Aspect,Advantages,Disadvantages
Simplicity,Easy to implement and understand.,"Ignores word order and context, losing semantic meaning."
Efficiency,Efficient for small datasets and basic tasks.,"High dimensionality for large vocabularies, leading to inefficiency."
Feature Representation,Provides a fixed-length vector representation.,"Generates sparse matrices, which can be computationally expensive."
Compatibility,Works well with traditional machine learning algorithms.,Limited to algorithms that can handle high-dimensional sparse data.
Semantic Understanding,Does not require any semantic knowledge or language rules.,Cannot differentiate between synonyms or understand polysemy.
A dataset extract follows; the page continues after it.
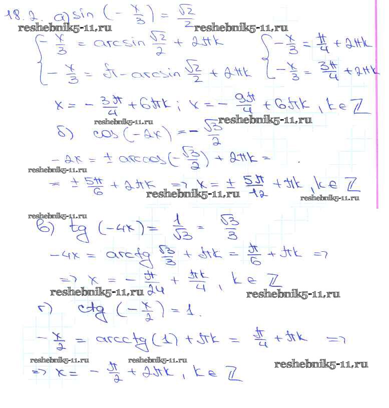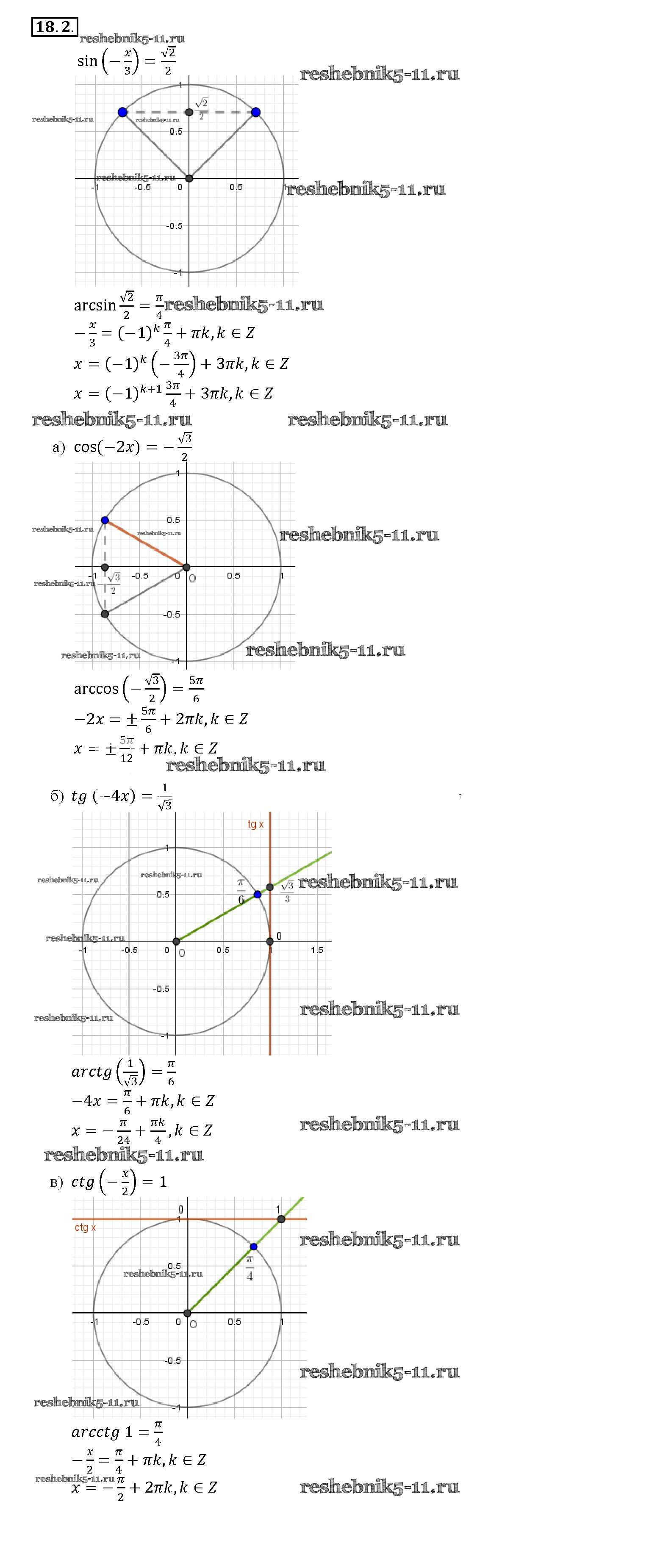 Готовая домашняя работа с ответами по Алгебре за 10, 11 класс Мордкович, Денищева, Корешкова, Мишустина, Семёнов, Тульчинская Задачник Базовый уровень Часть 2 Мнемозина 2015 ФГОС - §18. Тригонометрические уравнения 18. 2

Vocabulary Handling,No need for handling complex linguistic variations.,"Cannot handle out-of-vocabulary (OOV) words, and treats variations of a word as separate features."
Model Training,Simplicity leads to faster model training in basic use cases.,Prone to overfitting if the vocabulary size is too large or underfitting if it is too small.
Generalization,Works for general text analysis tasks without the need for deep language understanding.,Limited ability to generalize to new or unseen text due to fixed vocabulary.
Use in NLP,Suitable for tasks like spam detection and basic text classification.,Ineffective for complex NLP tasks that require contextual or sequential information.